View Full Version : Esquire journalist knows why 2000s music was so forgettable


TMC
09-06-2019, 02:37 AM
It was the technology.
It’s not that each era hasn’t had its own one-hit wonders and flashes in the pan, but in the Deleted Years (https://www.esquire.com/entertainment/music/a28904211/2003-to-2012-forgotten-music-era/?utm_source=pocket-newtab), everything came together to make music feel especially ephemeral. The charts lost their significance, the value of a song plummeted, the gatekeepers became redundant. And where my generation has dusty 45s and cassingles to keep the memory of our Johnny Hates Jazzes and Positive Ks alive, whoever was unlucky enough to be 13 in the mid-aughts has only a LaCie hard drive filled with mislabeled Limewire files to turn to.

ABlairican Pie
09-15-2019, 06:52 PM
Technology was to blame for the decline of music in the 2000's.

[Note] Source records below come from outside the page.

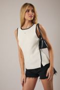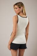 BOAT NECK SLEEVELESS SIDE BUTTON RIBBED TANK
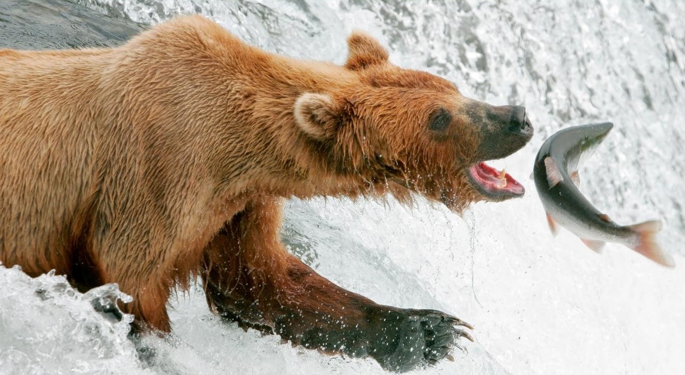 Najbardziej widowiskowe sceny rozgrywają się przy wodospadach i bystrzach, gdzie łososie próbują przeskakiwać przeszkody wodne. Niedźwiedzie wykorzystują naturalne „wąskie gardła” rzek, stojąc nieruchomo w nurcie i chwytając ryby potężnymi łapami lub pyskiem. Co ciekawe, często wybierają tylko najbardziej kaloryczne części — skórę i ikrę — pozostawiając resztę ciała innym zwierzętom.
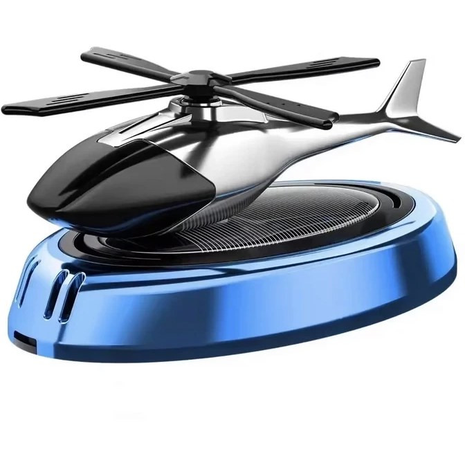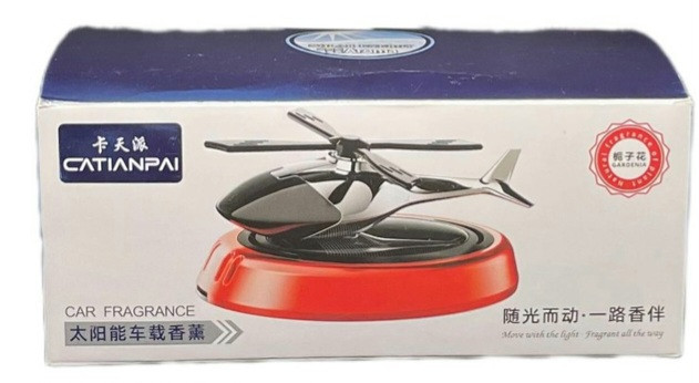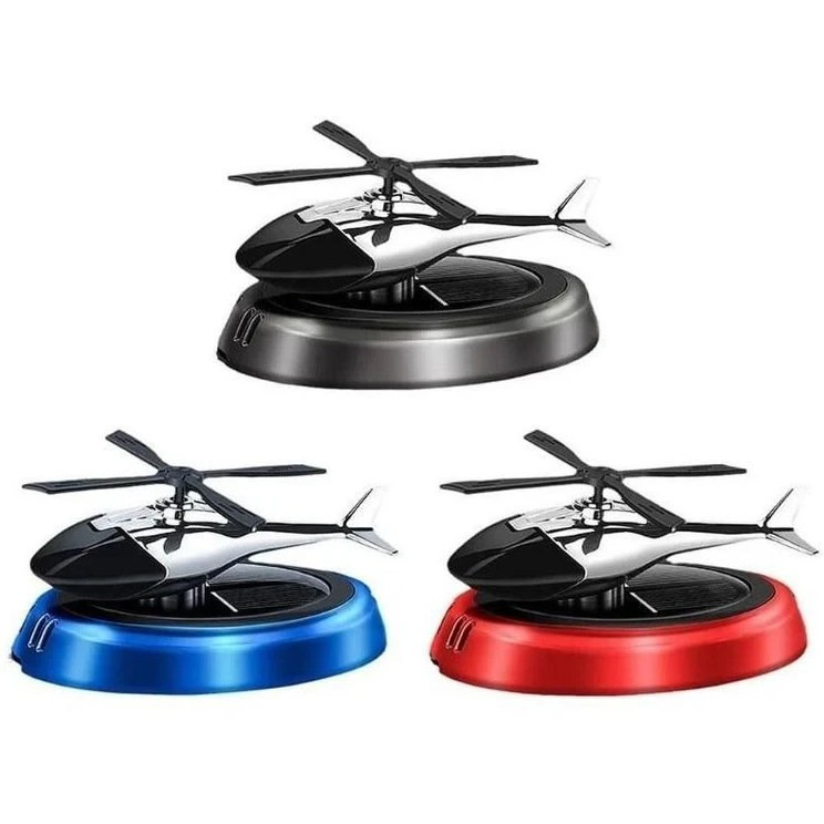این محصول خاص مدل خورشیدی می باشد که بدون نیاز به باطری با نور خورشید پره های هلیکوپتر شروع به چرخیدن می کند و این محصول را میتوان روی داشبورد یا هر سطح صافی چسباند و این محصول دارای اسانس قطره ای خوشبو ادکلنی و قوی است که با اتمام اسانس می توان با هر اسانس که خودتون علاقه داشتید شارژ کنید . این محصول هم خوشبوکننده است هم تزیینی که زیبایی خاصی به خودرو شما می دهد
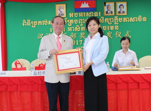 方侨生董事长(Pu Khear Se)在颁奖仪式中致辞,他指出,中国政府推行的“一带一路”政策将惠及柬埔寨的发展。纵观柬埔寨和加华银行的发展历史,加华银行离不开中文人才,中文教育对加华银行非常重要。随后,方董事长为柬埔寨孔子学院及在此任课的邢慧莹、朱云云两位老师颁发了证书和奖品,以此感谢柬埔寨孔子学院对加华银行中文教学的大力支持,并感谢两位老师的辛勤工作,他希望和柬埔寨孔子学院保持长期合作。
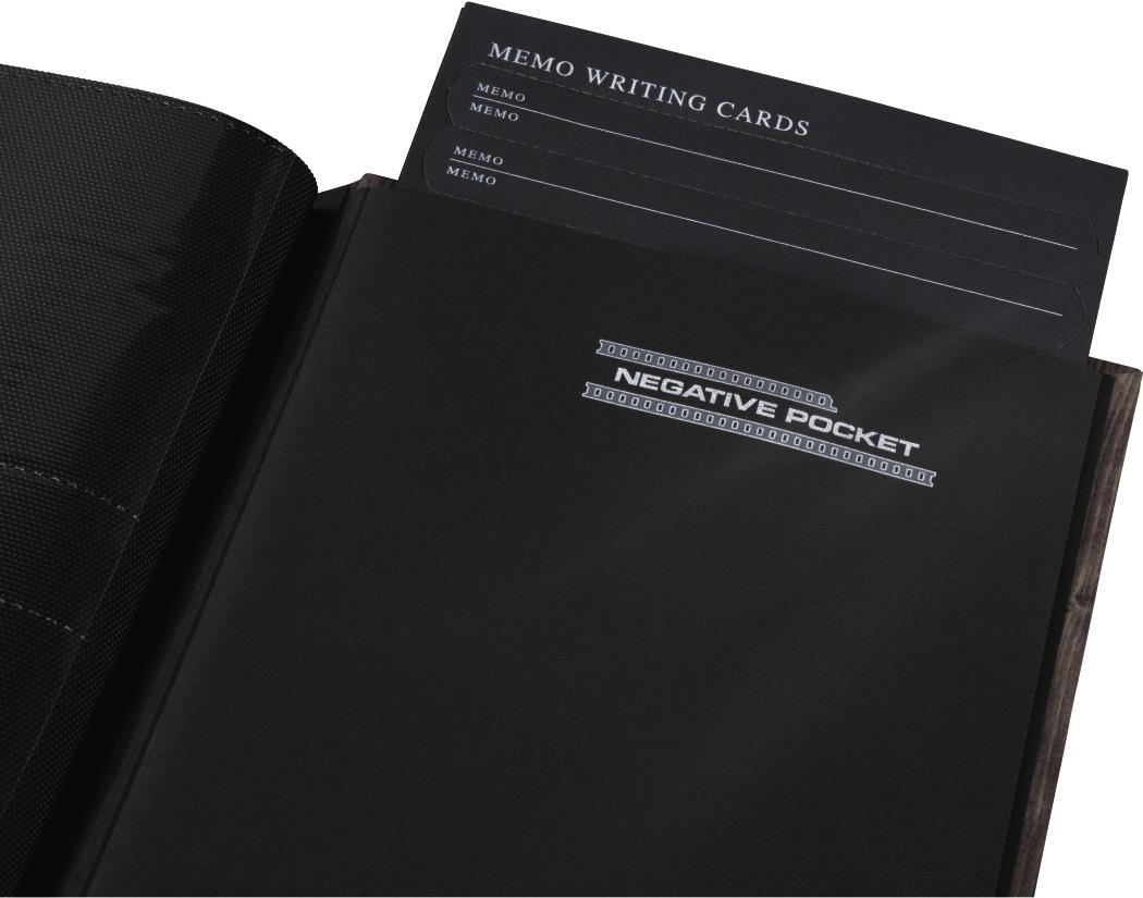 - schwarze Innenseiten mit Einstecktaschen und Beschriftungsstreifen zum schnellen und einfachen Archivieren
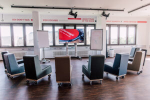 Ob Veranstaltungsformate mit klassischer Bestuhlung, Design-Thinking-Workshops mit variablen Set-ups, konzentrierte Arbeit in Kleingruppen oder hochkompetitives Bürogolf-Turnier – die Grenzen liegen im Auge der Benutzerin bzw. des Benutzers.
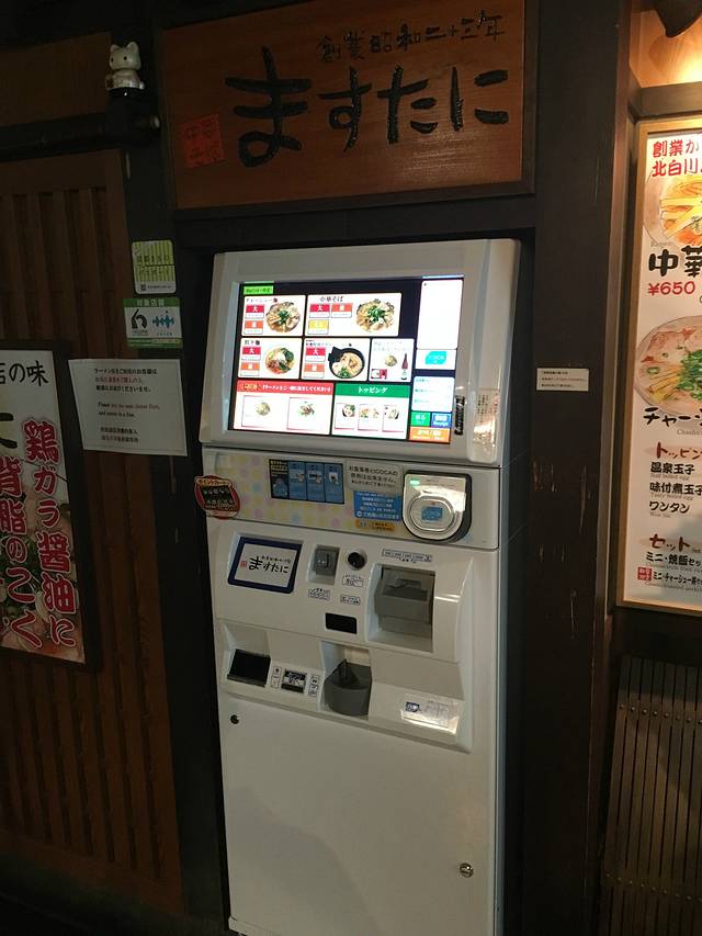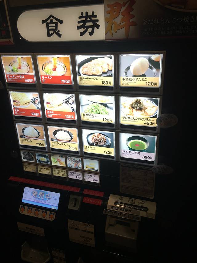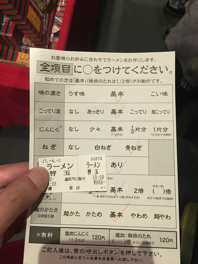 晚上去一兰拔了草,酒店走过去二十分钟。所以我没必要在大阪或者京都排大长队,名古屋这边我排了十几分钟就进去了。这家分店是在外面排队快要排到我时,服务员就会递上单子和笔。我没有要中文单子,因为半年前我就知道了每一行的勾选各代表着什么,辣度、软硬度、葱白青葱等等。所以尽管日文,我选起来毫无障碍。进去后在自助点餐机上塞钱,选择,出来票子和找零。我买的是拉面+替玉,就是吃完可以加面。
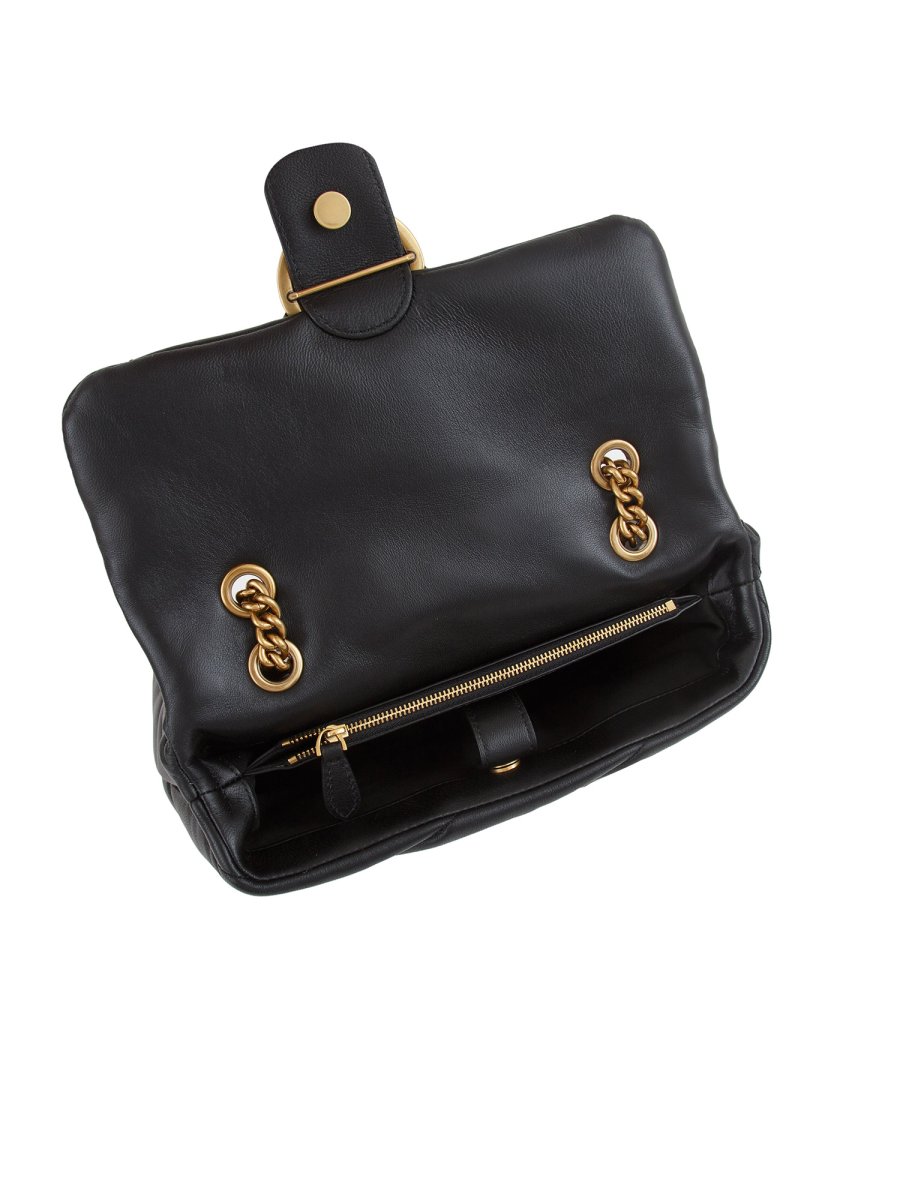 Borsa Pinko Classic Love Bag Puff in morbida nappa con maxi trapuntatura obliqua. La chiusura è completata dall'iconica fibbia in metallo Love Birds Diamond Cut. L'interno è foderato in microfibra scamosciata e comprende tramezza chiusa con zip e tasca a parete. La tracolla combina la classica catena metallica rotonda al pratico spallaccio in nappa. Altezza: 19 cm Larghezza: 11 cm Lunghezza: 27 cm
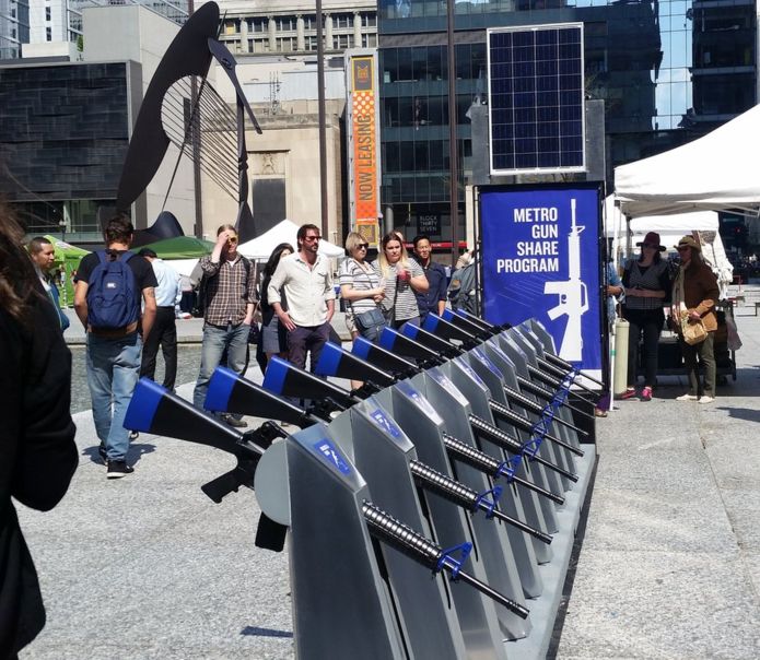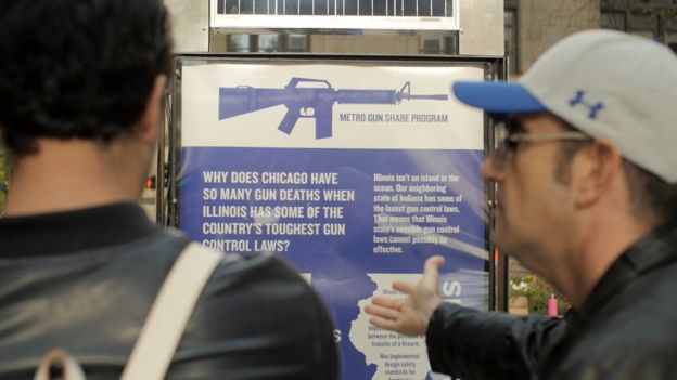 Activists mock US gun culture with Chicago ‘gun-sharing’ dock
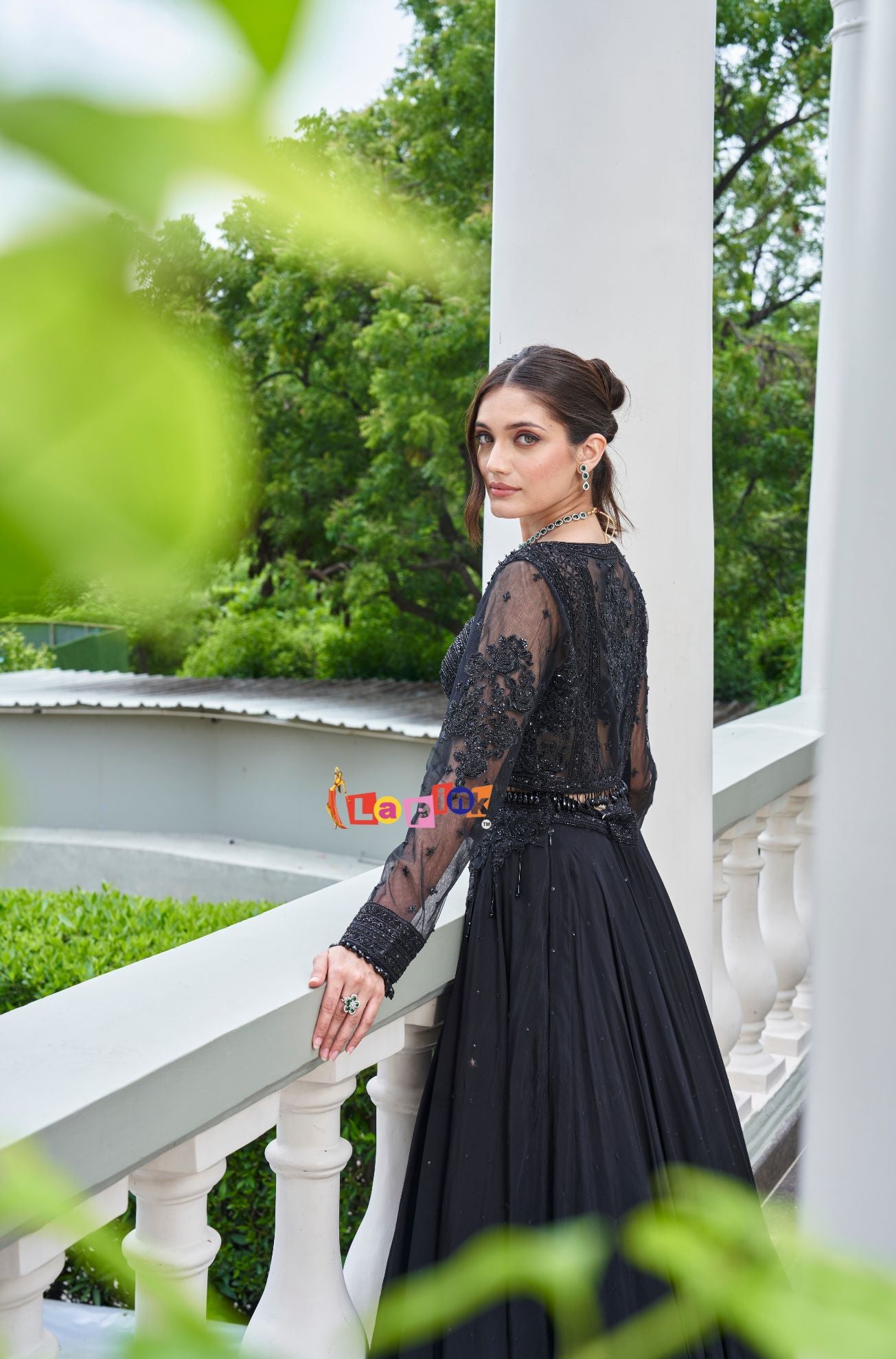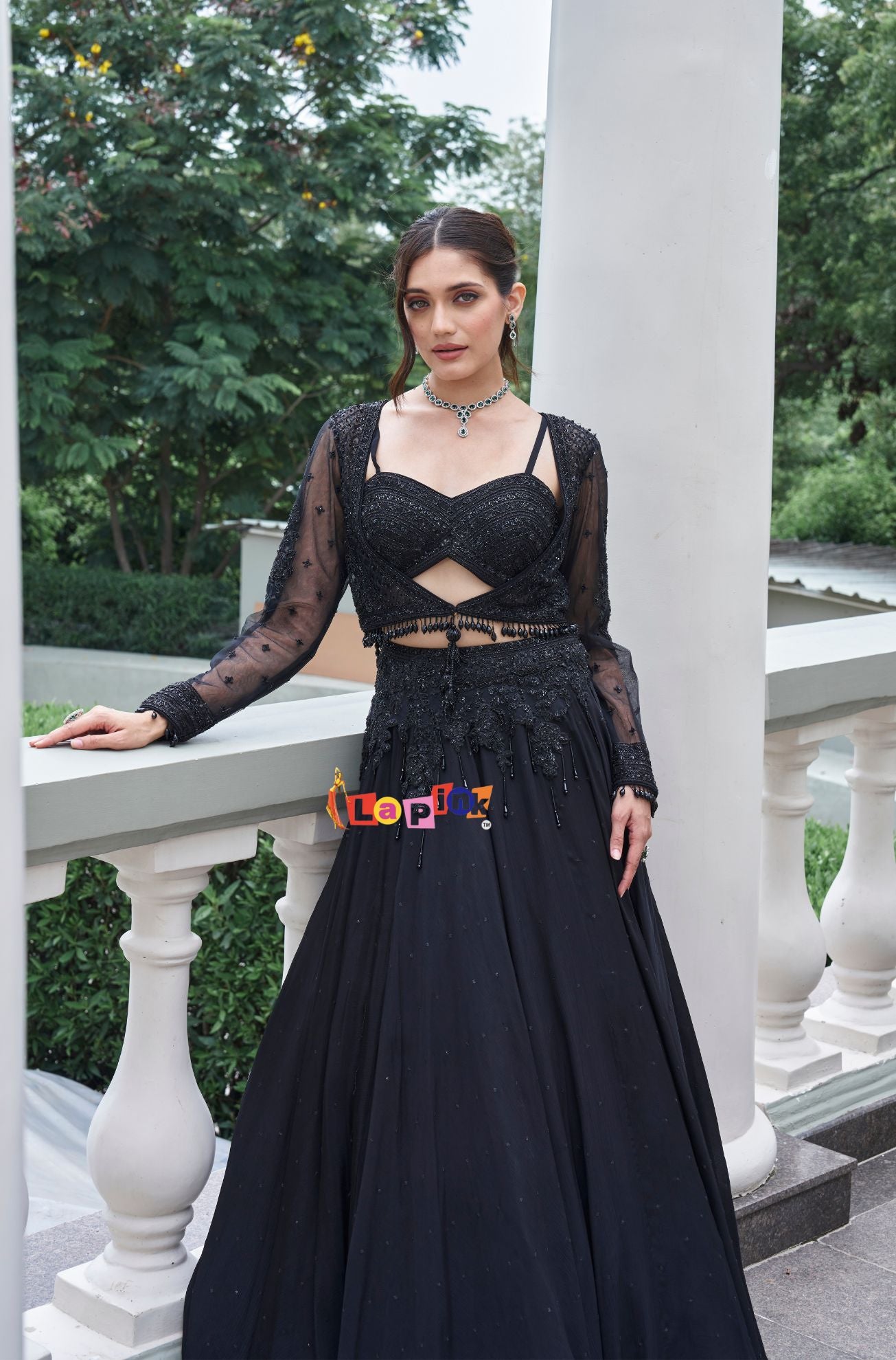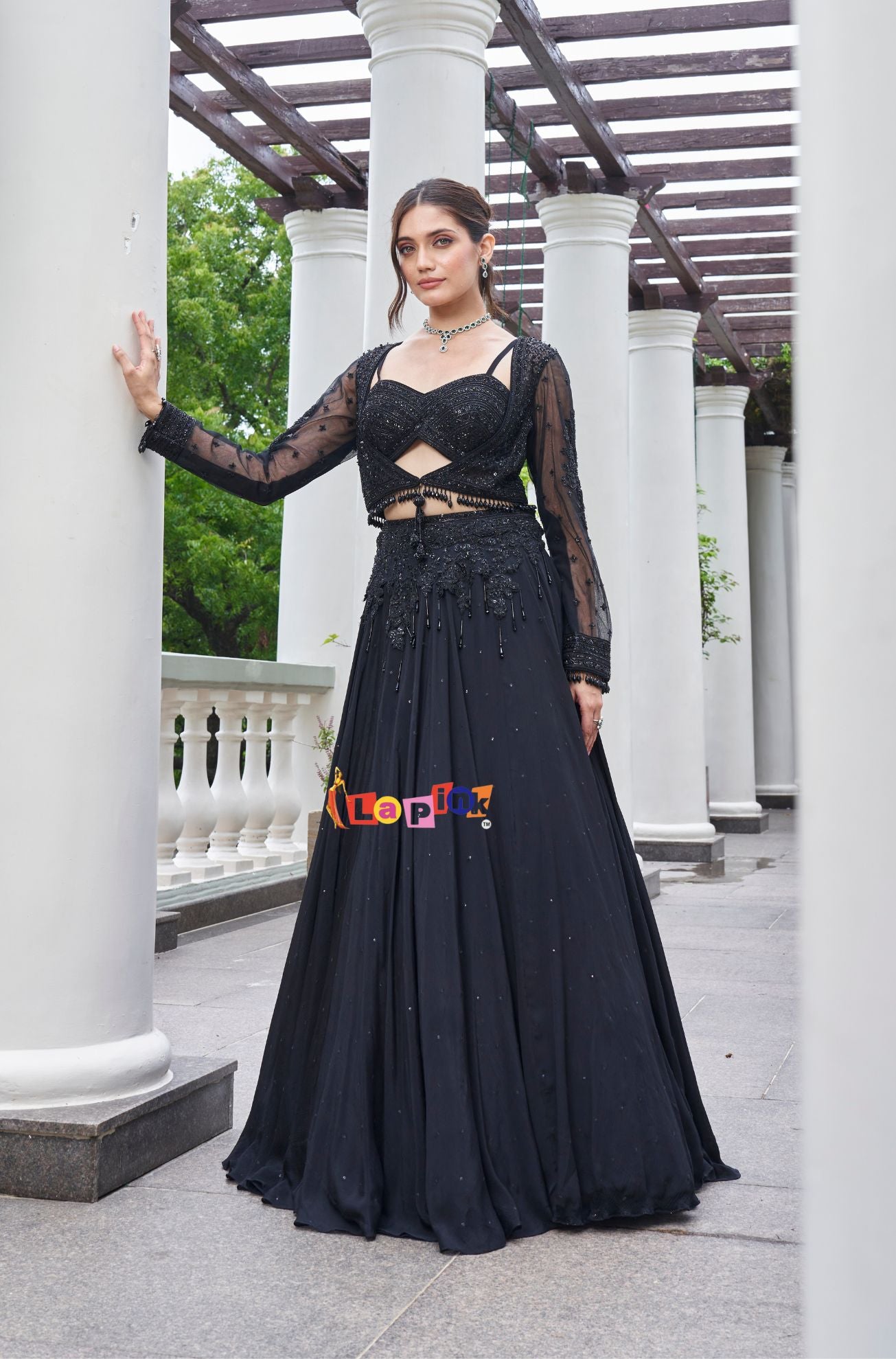 This lehenga set is made from soft viscose fabric and features detailed handwork with sequins and piping that adds fine finishing to the outfit. The set is paired with a full-sleeve jacket, giving it a structured appearance while adding extra coverage and style. The deep black color makes it a versatile option that can be worn for various festive and formal occasions. Designed to balance comfort and style, this outfit is a suitable choice for those looking for a classic yet detailed ensemble.

The facility of downloading songs onto portable devices killed off the need for record stores. In the 70's and 80's, getting an album was an event. You looked forward the album release and you saved your money. Album covers were a statement. It was an exciting time.

Now you can't get very excited about it because it's all so disposable. And music lacks a raw, organic feel because it's so computerized in recording.